DATA LISTING:
*** Block opens ***

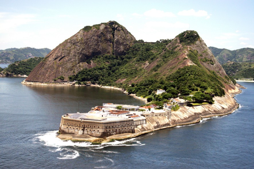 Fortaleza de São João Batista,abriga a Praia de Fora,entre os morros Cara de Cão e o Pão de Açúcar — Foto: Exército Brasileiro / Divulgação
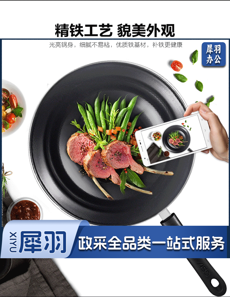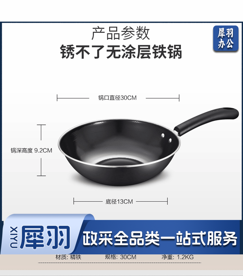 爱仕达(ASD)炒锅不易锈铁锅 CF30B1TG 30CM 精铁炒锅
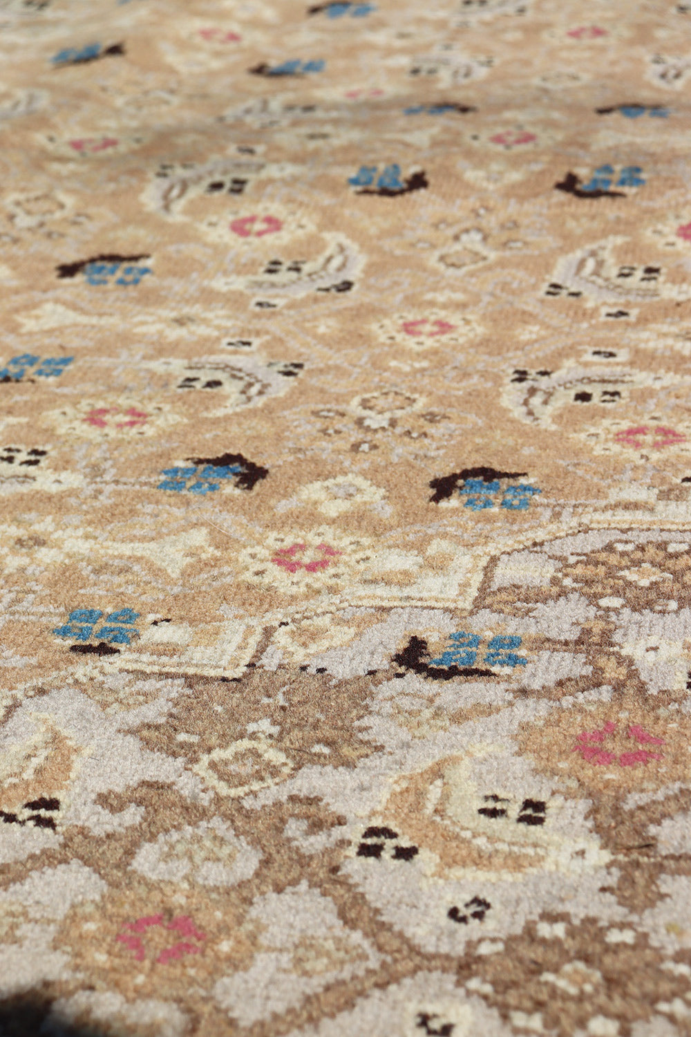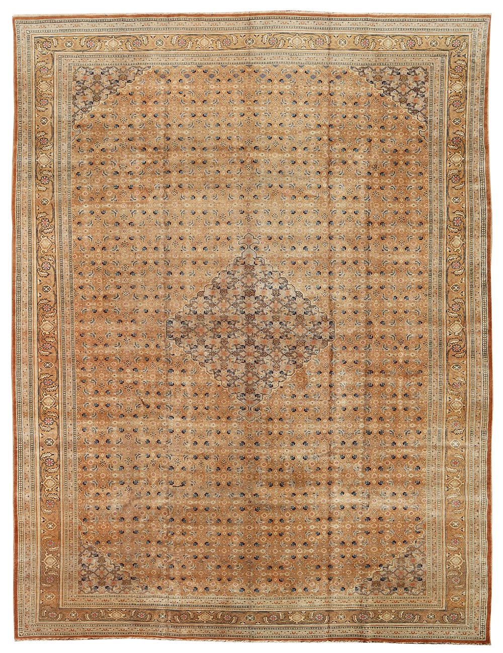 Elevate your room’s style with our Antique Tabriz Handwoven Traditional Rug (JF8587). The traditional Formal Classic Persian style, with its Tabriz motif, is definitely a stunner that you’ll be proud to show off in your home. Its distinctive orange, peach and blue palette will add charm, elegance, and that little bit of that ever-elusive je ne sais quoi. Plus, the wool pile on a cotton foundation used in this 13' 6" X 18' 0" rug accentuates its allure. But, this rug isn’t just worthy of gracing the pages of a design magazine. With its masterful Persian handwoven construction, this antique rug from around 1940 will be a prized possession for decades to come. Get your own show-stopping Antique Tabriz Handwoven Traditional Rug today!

*** Block closes ***
*** Block opens ***

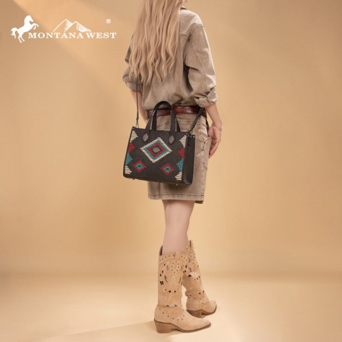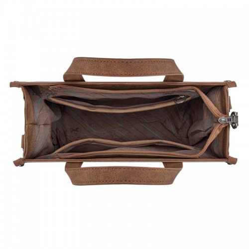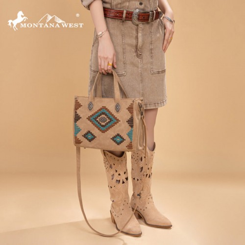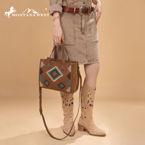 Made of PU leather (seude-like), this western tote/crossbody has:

*** Block closes ***

Each line above from the one containing "Fortaleza de São" through the one containing "Elevate your room’s" is to be returned verbatim. Nothing else, and no pictures.

 Fortaleza de São João Batista,abriga a Praia de Fora,entre os morros Cara de Cão e o Pão de Açúcar — Foto: Exército Brasileiro / Divulgação
 爱仕达(ASD)炒锅不易锈铁锅 CF30B1TG 30CM 精铁炒锅
 Elevate your room’s style with our Antique Tabriz Handwoven Traditional Rug (JF8587). The traditional Formal Classic Persian style, with its Tabriz motif, is definitely a stunner that you’ll be proud to show off in your home. Its distinctive orange, peach and blue palette will add charm, elegance, and that little bit of that ever-elusive je ne sais quoi. Plus, the wool pile on a cotton foundation used in this 13' 6" X 18' 0" rug accentuates its allure. But, this rug isn’t just worthy of gracing the pages of a design magazine. With its masterful Persian handwoven construction, this antique rug from around 1940 will be a prized possession for decades to come. Get your own show-stopping Antique Tabriz Handwoven Traditional Rug today!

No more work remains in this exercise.